Наконец, во время одной паузы, он взглянул на солнце, прикинул его высоту над горизонтом и стал собирать свои рукописи, тем самым напомнив о них.
— Ах, я и забыла, — живо сказала Руфь, — а мне так хочется послушать!
Мартин прочел ей рассказ, казавшийся ему одним из лучших. Он назвал его «Вино жизни»; и это вино, опьянявшее Мартина, когда он писал рассказ, снова бросилось ему в голову теперь, во время чтения. Было своеобразное очарование в оригинальном замысле рассказа, а он еще постарался усилить это очарование яркими словами и оборотами. Вдохновенный огонь, горевший в нем во время писания, охватил его снова, и он читал самозабвенно, не замечая недостатков. Но не то было с Руфью. Ее изощренное ухо сразу заметило все слабые стороны, все преувеличения, чрезмерный пафос, характерный для новичка, частые нарушения ритмического строя фразы. Она вообще не улавливала ритма в его рассказе, за исключением тех мест, которые звучали претенциозно-размеренно, и это неприятно поразило ее, как дурной дилетантизм. «Дилетантизм» — таков был ее окончательный приговор, но она не произнесла его. Напротив, она сделала всего несколько мелких замечаний, сказав, что в общем рассказ ей нравится.

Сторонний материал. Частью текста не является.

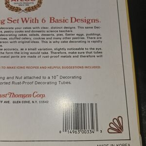 The Vintage Ateco FANCY PASTRY DECORATING SET 334c includes 6 piping tips and bags, perfect for all occasions. Made of stainless steel, these nozzles are easy to clean and maintain. Crafted in the United States by Ateco, a trusted brand in baking accessories, this set is ideal for creating intricate designs and patterns on cakes and pastries. The silver color adds a touch of elegance to your baking projects, making it a must-have for any baker looking to elevate their skills in decorating.
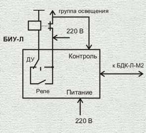 БИУ-Л подключается к блокам лифтового диспетчерского контроля БДК-3М2, БДК-4М2, БДК-Л-3М2, БДК-Л-4М2, БДК-4М2-УКЛ, длина 4-х жильного кабеля "витая пара" не более 100 м. БИУ-Л осуществляет контроль текущего состояния фидеров электроосвещения лестничных клеток, входов в подъезды. Проверяется наличие напряжения питания на соответствующих группах.
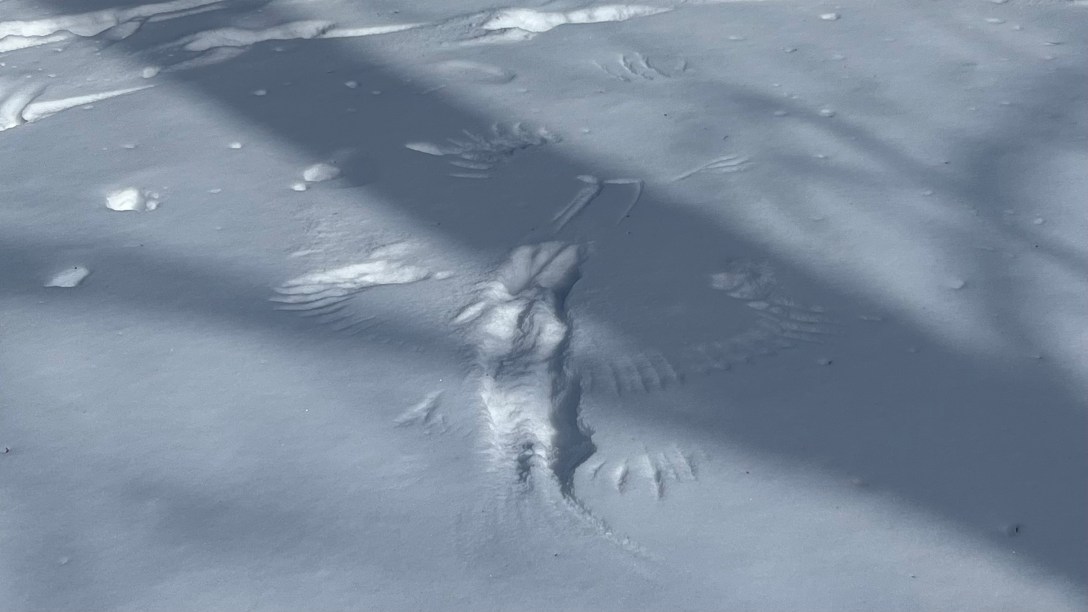 Do you see in the photo? What looks like pterodactyl prints in my front yard? They are actually crowwwwww prints. We’ve had so much snow, that when the crows – huge birds, that they are – land, then flap their wings, their wings make prints in the snow. This kind of stuff totally geeks me out.
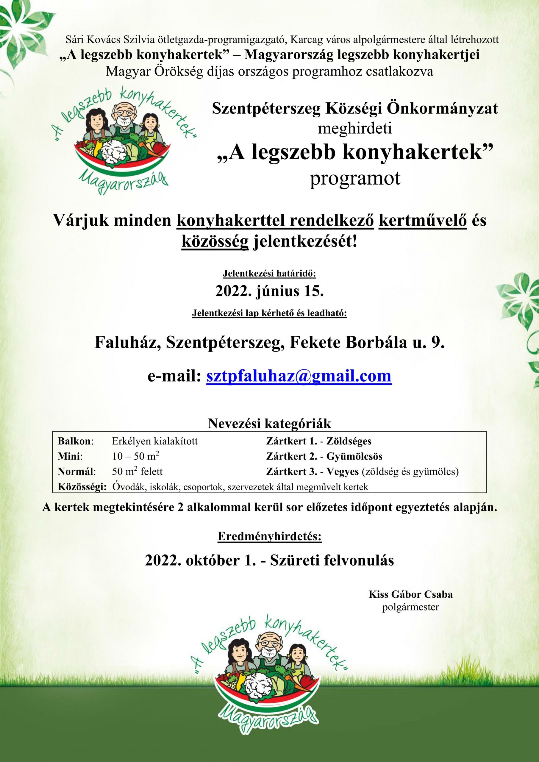 Szentpéterszeg – „A legszebb konyhakertek” program meghirdetése
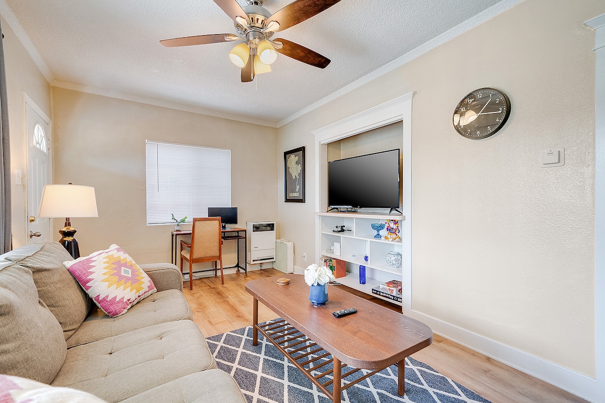 Esta espaciosa casa tiene una hermosa sala de estar con techo abovedado y un hermoso patio privado vallado que la hace increíblemente acogedora. Un diseñador de interiores se ha tomado el tiempo para maximizar la belleza y el carácter de esta encantadora casa con muchas plantas y toneladas de obras de arte. Una nueva bañera con patas, un televisor inteligente LED de 65 pulgadas y nuevos electrodomésticos de cocina nuevos te esperan en nuestro encantador oasis. ¡Te damos la bienvenida a tu próximo lugar de vacaciones! ¡Con gusto te hospedaremos!
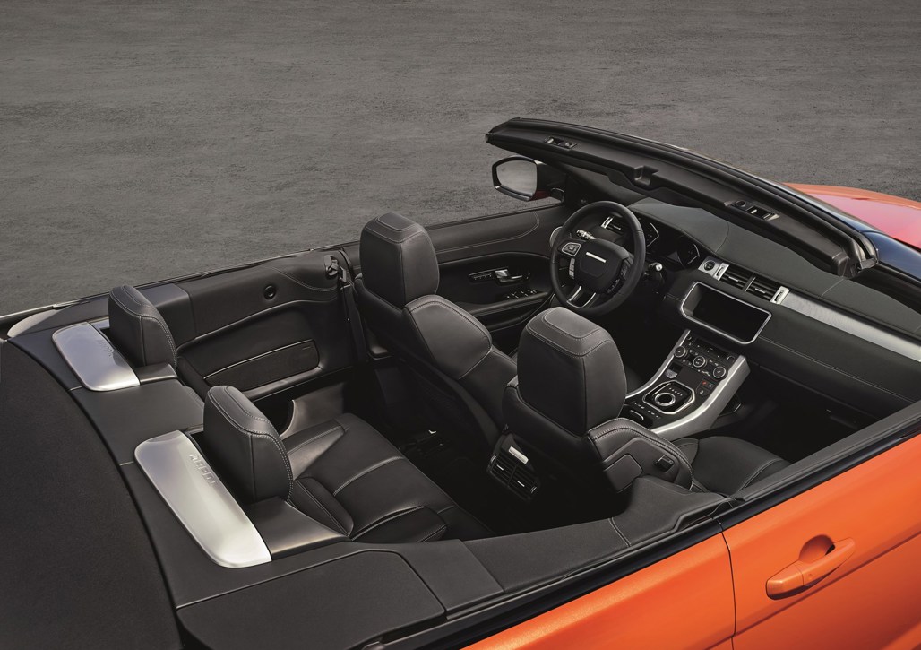 Motorways and autoroutes are hardly the sternest test of the Range Rover Evoque Convertible, but first impressions are that there's a blind spot like a galactic black hole in the rear three quarters, and that adding effectively four passengers to the kerb weight hasn't done the handling or performance any favours.

Но Мартин был разочарован. Ее критика была справедлива, он не мог не признать этого, но ведь не для школьных поправок он читал ей свое произведение. Дело не в деталях. Это все поправимо. Рано или поздно он, конечно, сам научится замечать мелкие погрешности, даже вовсе избегать их. Но ведь он постарался вместить в свой рассказ кусок большой, живой жизни. Этот кусок жизни он хотел показать ей, а вовсе не ряд фраз, разделенных точками и запятыми. Он хотел, чтобы она почувствовала то большое и важное, что он видел своими глазами, охватил своим разумом и своими руками вложил вот в эти напечатанные на машинке строки. Очевидно, это не удалось, подумал он. Может быть, редакторы и правы в конце концов. Он видел большое и важное, но не умел выразить это в словах. И, скрыв свое разочарование, Мартин так легко согласился с ее критикой, что ей и в голову не пришло, какую бурю протеста она в нем подняла.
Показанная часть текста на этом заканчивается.